### The input
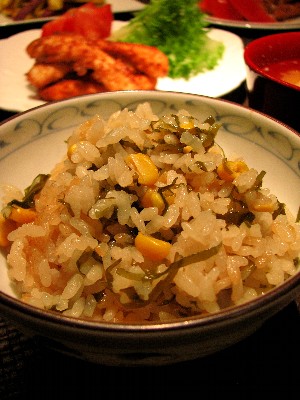 切り昆布とコーンの炊き込みご飯です。
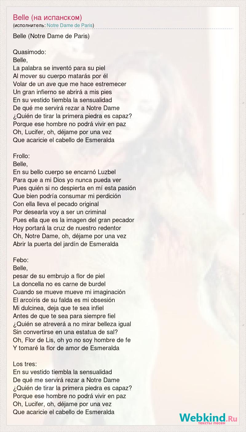 Belle (Notre Dame de Paris) Quasimodo: Belle, La palabra se inventó para su piel Al mover su cuerpo matarás por él Volar de un ave que me hace estremecer Un gran infierno se abrirá a mis pies En su vestido tiembla la sensualidad De qué me servirá rezar a Notre Dame ¿Quién de tirar la primera piedra es capaz? Porque ese hombre no podrá vivir en paz Oh, Lucifer, oh, déjame por una vez Que acaricie el cabello de Esmeralda Frollo: Belle, En su bello cuerpo se encarnó Luzbel Para que a mi Dios yo nunca pueda ver Pues quién si no despierta en mí esta pasión Que bien podría consumar mi perdición Con ella lleva el pecado original Por desearla voy a ser un criminal Pues ella que es la imagen del gran pecador Hoy portará la cruz de nuestro redentor Oh, Notre Dame, oh, déjame por una vez Abrir la puerta del jardín de Esmeralda Febo: Belle, pesar de su embrujo a flor de piel La doncella no es carne de burdel Cuando se mueve mueve mi imaginación El arcoíris de su falda es mi obsesión Mi dulcinea, deja que te sea infiel Antes de que te sea para siempre fiel ¿Quién se atreverá a no mirar belleza igual Sin convertirse en una estatua de sal? Oh, Flor de Lis, oh yo no soy hombre de fe Y tomaré la flor de amor de Esmeralda Los tres: En su vestido tiembla la sensualidad De qué me servirá rezar a Notre Dame ¿Quién de tirar la primera piedra es capaz? Porque ese hombre no podrá vivir en paz Oh, Lucifer, oh, déjame por una vez Que acaricie el cabello de Esmeralda
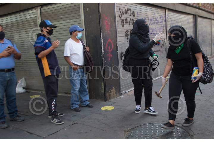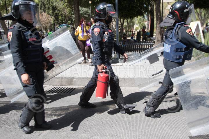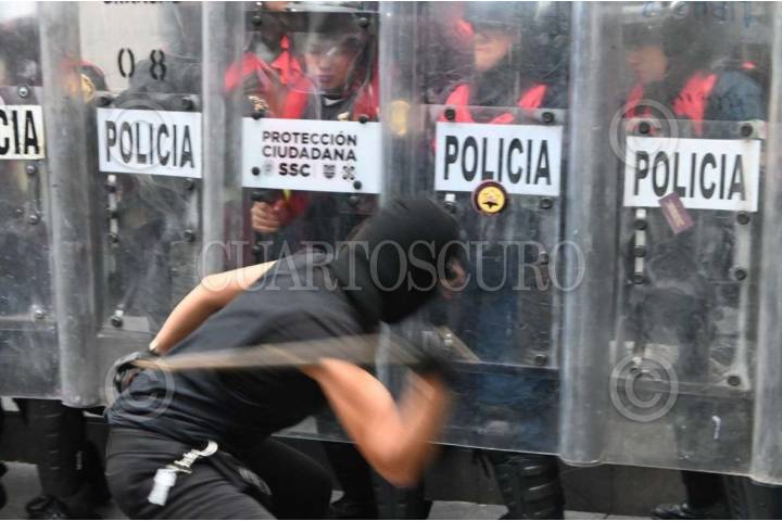 CIUDAD DE MÉXICO, 28SEPTIEMBRE2024.- Jóvenes encapuchadas se enfrentaron con mujeres integrantes de la Secretaría de Seguridad Ciudadana (SSC) durante la marcha por el "Día de acción Global por el Aborto Legal, Seguro y Gratuito". FOTO: ALFREDO DÁVILA/CUARTOSCURO.COM
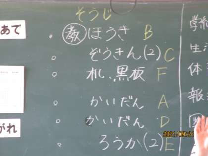 きおのクラスでも後期の新しい委員を決めていました。班替えもあったようです。途中から学級委員が前に出て司会をしていました。すばらしい。
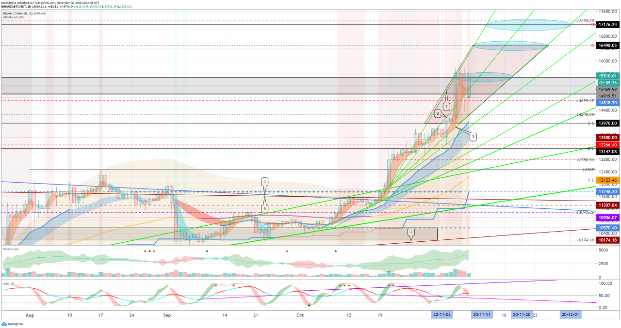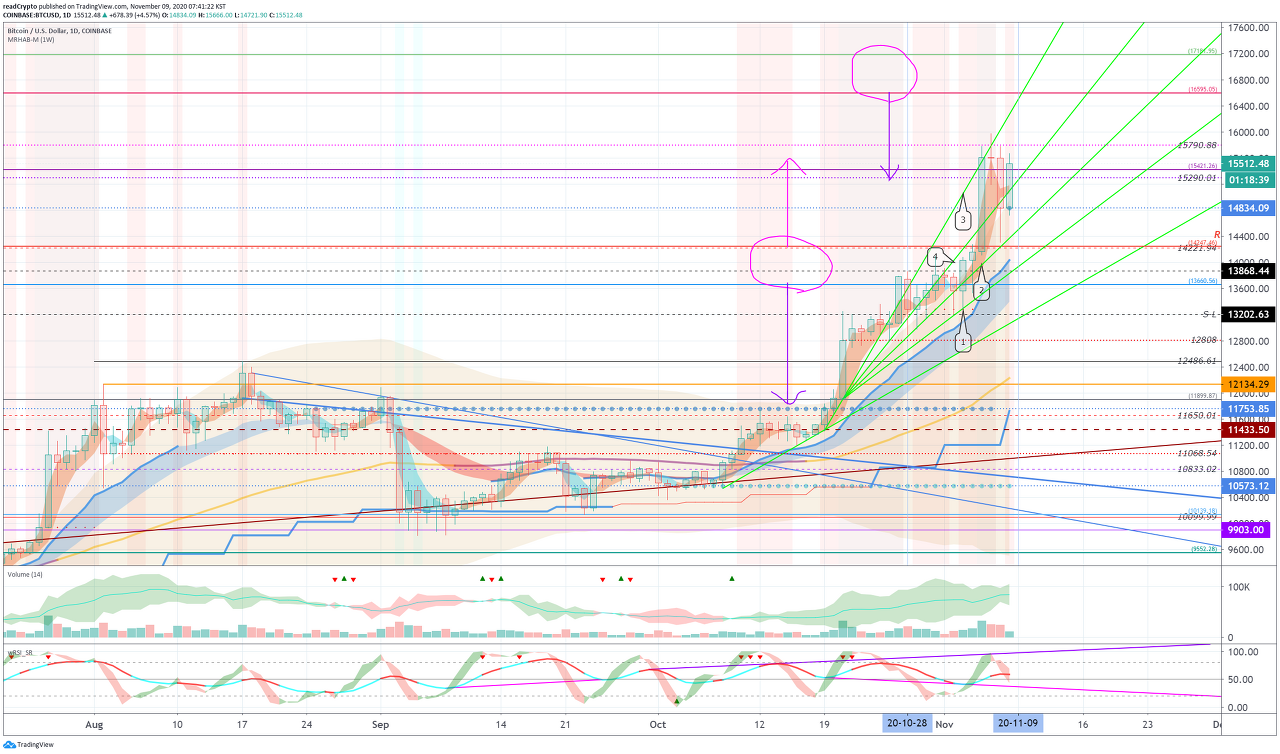 14919.51-15459.99 구간을 터치하고 상승할 수 있으므로, 신중한 트레이딩이 필요합니다.

### What this task involves
Everything from the line containing "きおのクラスでも後期の新しい" to the last line of the records above should be reproduced exactly, except the pictures.

### Response to this task
 きおのクラスでも後期の新しい委員を決めていました。班替えもあったようです。途中から学級委員が前に出て司会をしていました。すばらしい。
 14919.51-15459.99 구간을 터치하고 상승할 수 있으므로, 신중한 트레이딩이 필요합니다.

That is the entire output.